Problem requirements
What I need is an exact repeat of the lines from the one with "Детская нескользящая напольная" through the end of the listing below. Leave out every picture.

Data for analysis

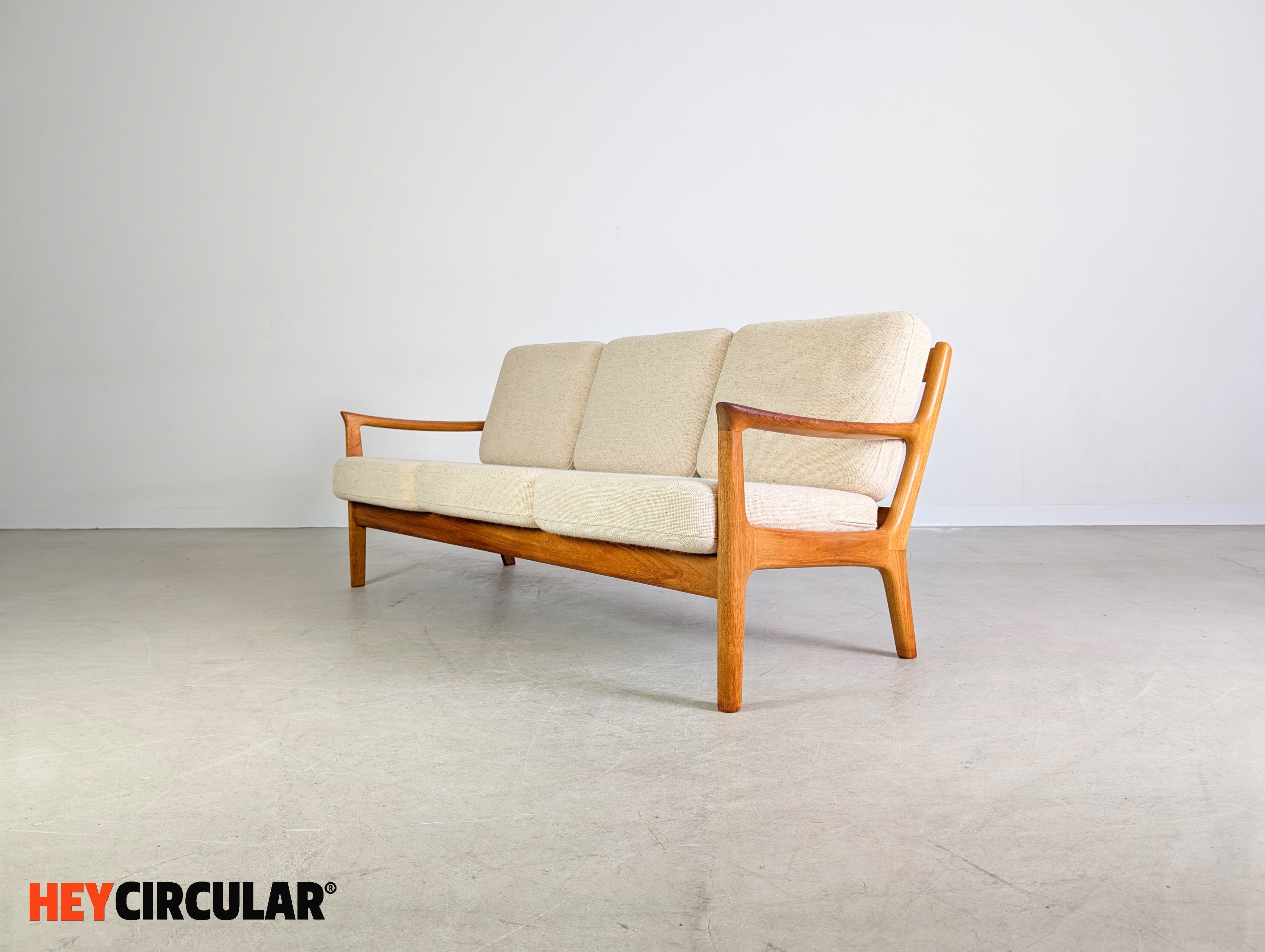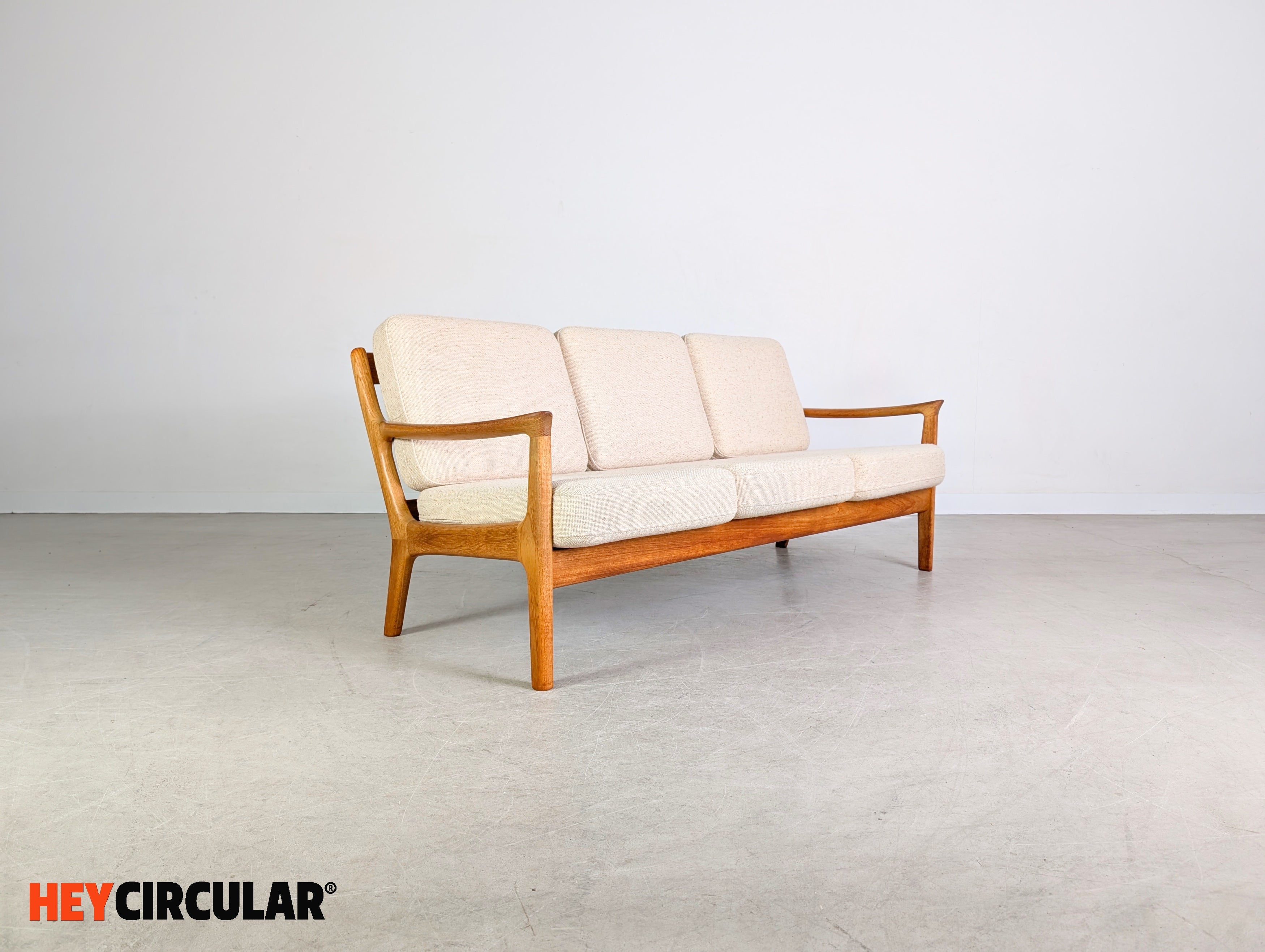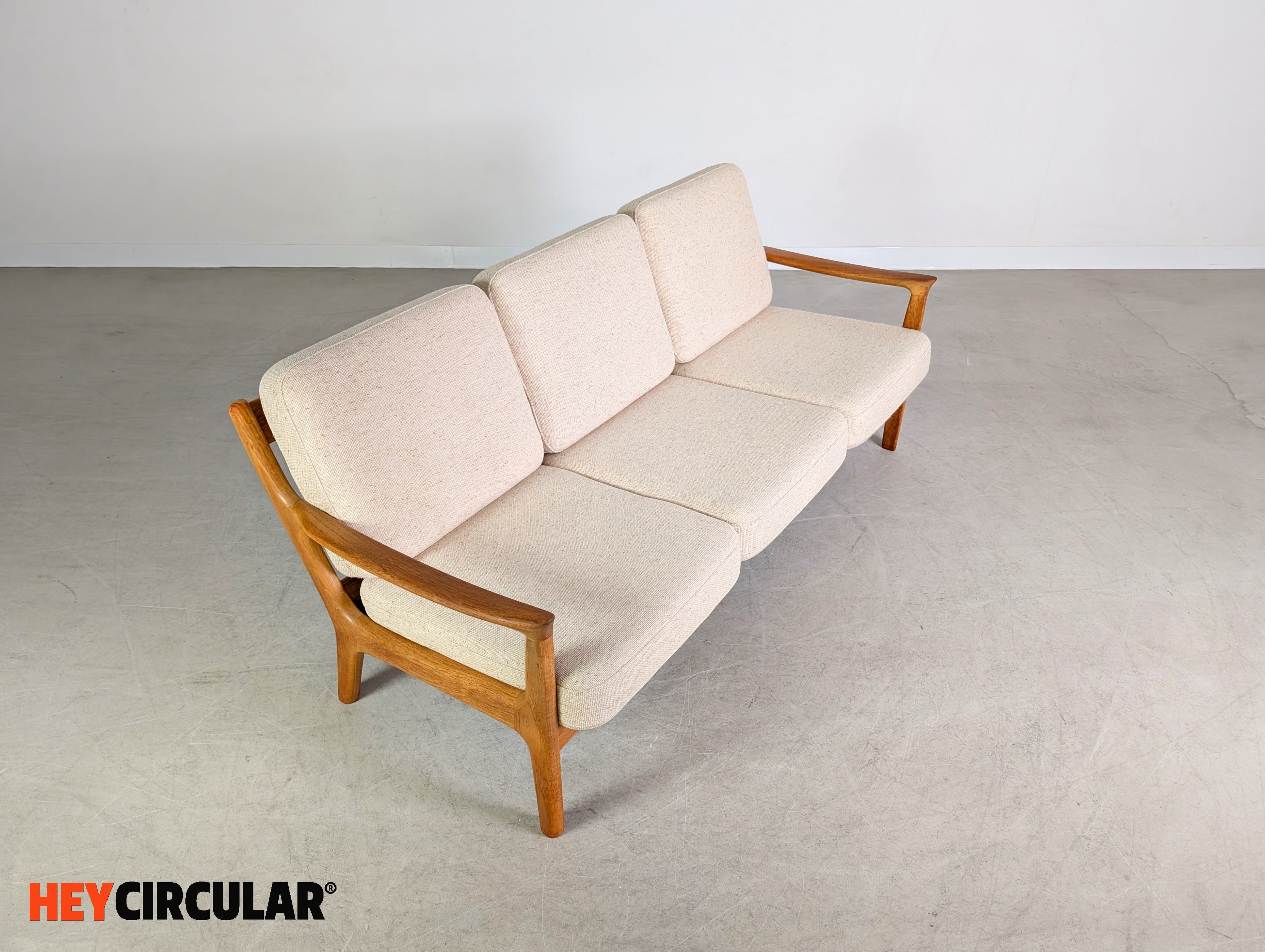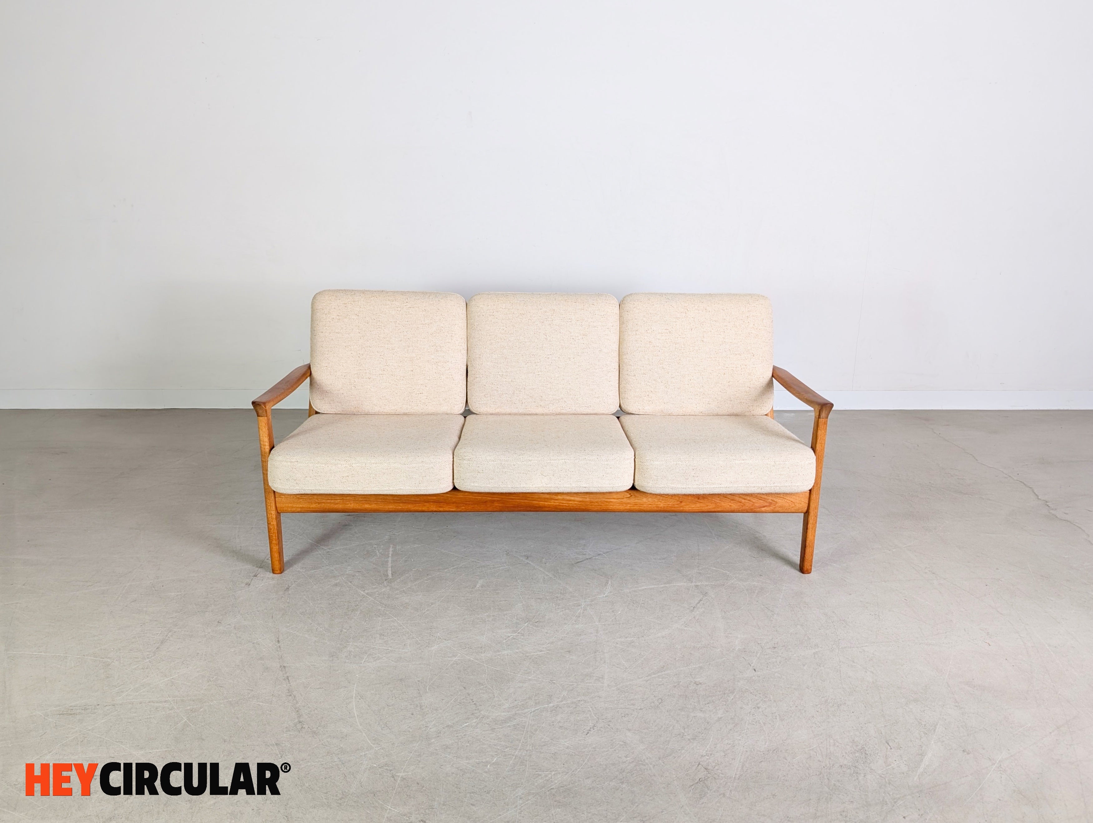Wir bieten einen wunderschönen Dreisitzer vom dänischen Traditionshersteller France & Son aus den 1960er Jahren zum Verkauf an. Der Entwurf stammt von Ole Wanscher, ist bekannt unter dem Modellnamen "Senator" und gilt als einer der popülärsten Entwürfe des dänischen Möbeldesigns. In unseren anderen Anzeigen bieten wir zudem einen passenden Zweisitzer und zwei Sessel der gleichen Baureihe zum Verkauf an. Bei der Abnahme mehrerer Stücke ist ein günstigerer Setpreis möglich.
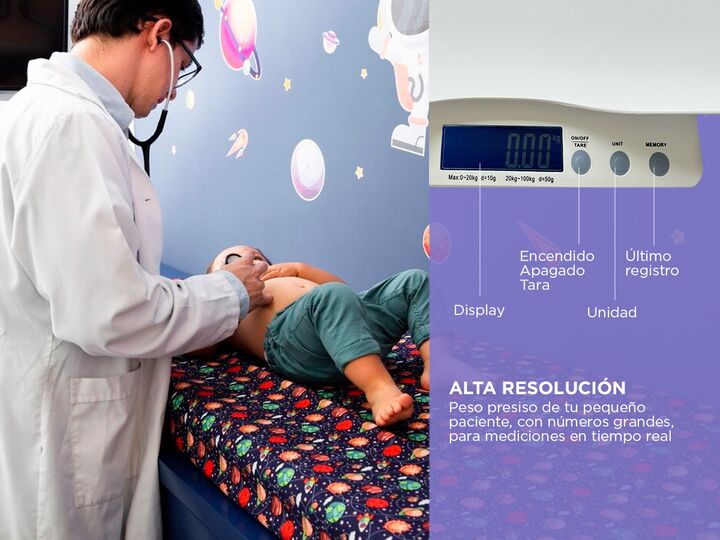 ¡Descubrí la balanza pediátrica perfecta para un crecimiento saludable! Su pantalla LCD de alta resolución garantiza una visualización clara y precisa del peso de tu pequeño paciente, con números grandes y fáciles de leer para mediciones en tiempo real. Además de ser perfecta para bebés y niños pequ...
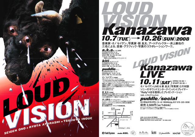 金沢アートプラットフォームの連携イベントの告知です。 ※管理人さん、おじゃまします。 もし内容が適切でなければ削除してください。 ーーーーーーーーーーーーーーーーーーーーーーーーー 「 LOUD VISION in Kanazawa」 SEIGEN ONO + RYOTA ATARASHI + TSUGUYA INOUE ーーーーーーーーーーーーーーーーーーーーーーーーー ■展覧会 井上嗣也(アートディレクター)、オノセイゲン(音楽家)、新良太 (写真家)の三名による、音楽・グラフィック・写真のコラボレーシ ョンワーク。 日時:10月7日(火)〜10月27日(
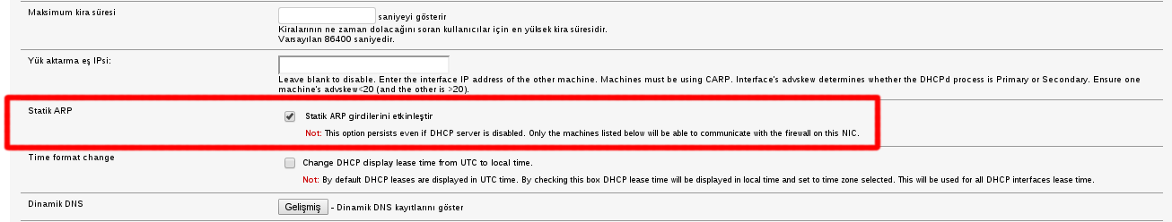Statik ARP : Bu seçenek aktif edildiği zaman sadece rezerve olan istemciler Coslat'ın arayüzüne ve internete çıkabilirler.
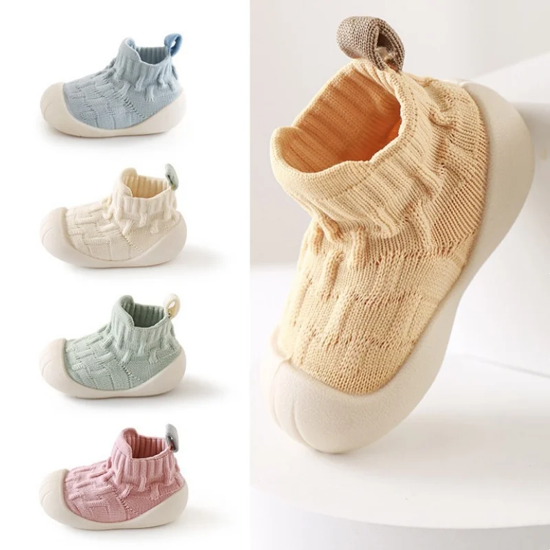 Детская нескользящая напольная обувь для мальчиков и девочек, весенне-осенняя новая милая обувь для малышей на мягкой подошве, вязаные первые ходунки для новорожденных
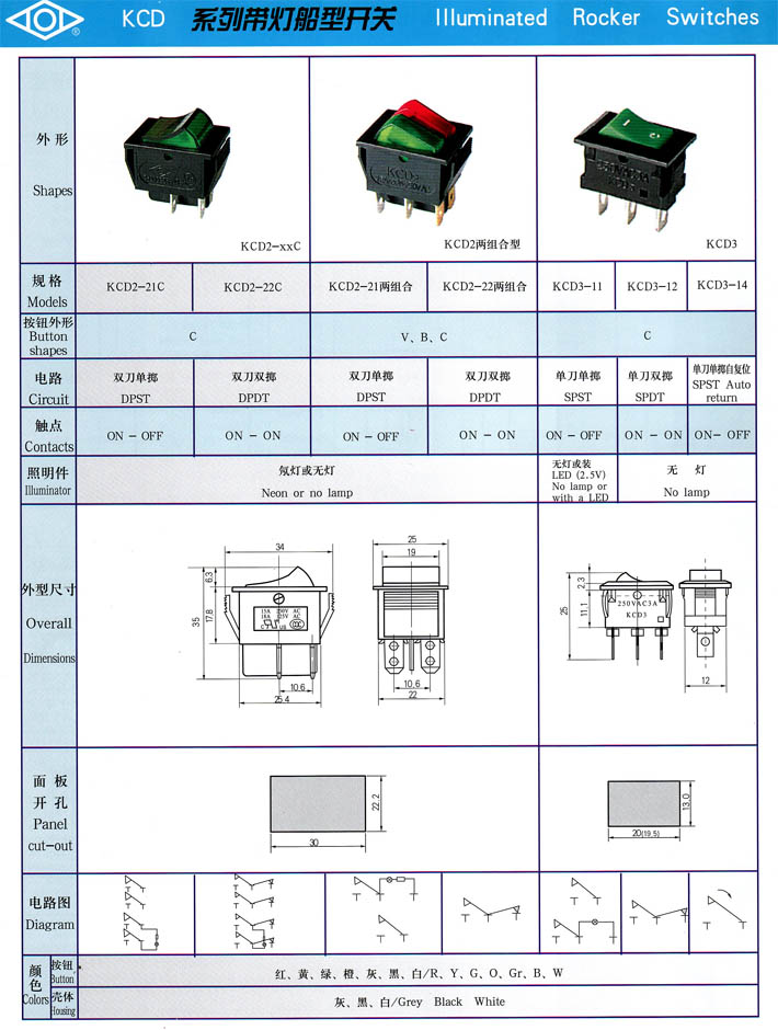 • KCD2/3系列帶燈船型開關(guān) 產(chǎn)品型號:KCD系列帶燈船型開關(guān)

Problem solution
 Детская нескользящая напольная обувь для мальчиков и девочек, весенне-осенняя новая милая обувь для малышей на мягкой подошве, вязаные первые ходунки для новорожденных
 • KCD2/3系列帶燈船型開關(guān) 產(chǎn)品型號:KCD系列帶燈船型開關(guān)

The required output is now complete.